Are lower-bounds established by reductions tight?

Question

Reducing problem A to problem B means that problem B is at least as hard as A, if not even more so.

If I can reduce sorting to some other problem X, I know that X has a lower-bound of Omega(n log n). Is that lower-bound guaranteed to be a tight lower-bound? I suspect that it shouldn't be, because X is only known to be at least as hard as A -- implying that it could be harder, and have a different lower-bound as a result.
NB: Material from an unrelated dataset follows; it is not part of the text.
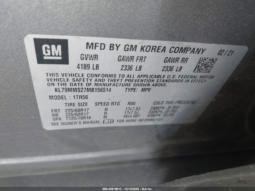 2021 CHEVROLET TRAILBLAZER 2021 року Бензин, 1.2, Передній привід, vin - KL79MMS27MB156514 з США

I mean that in the sense that it's correct to say that because insertion sort has a worst-case tight upper-bound of O(n^2), it's also correct to say it has a worst-case running time of O(n^3). It's correct, but not of much practical value -- because we're interested in tight bounds 99% of the time.

Answer 1

You are absolutely right, the bound does not need to be tight.
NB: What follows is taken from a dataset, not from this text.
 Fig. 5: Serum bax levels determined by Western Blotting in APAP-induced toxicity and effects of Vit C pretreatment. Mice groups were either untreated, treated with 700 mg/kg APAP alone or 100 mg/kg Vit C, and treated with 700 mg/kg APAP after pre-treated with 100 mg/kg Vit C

For instance, consider a simple example: finding the smallest integer in an array of n integers. There is an O(1) space and O(n) time algorithm to solve this problem every time. However, this problem reduces to the problem of sorting an array of integers via a reduction in O(1) both ways:

1. Transforming MININT input to SORTINT input: use MININT's input directly for SORTINT.
2. Transforming SORTINT output to MININT output: return the first element of the sorted array (assuming elements are sorted in ascending order).

Sorting certainly does have a lower bound of Omega(n) on worst-case inputs. This is not a tight bound; Omega(n lg n) is tighter for SORTINT. But the reduction of MININT to SORTINT, by itself, does not tell us that.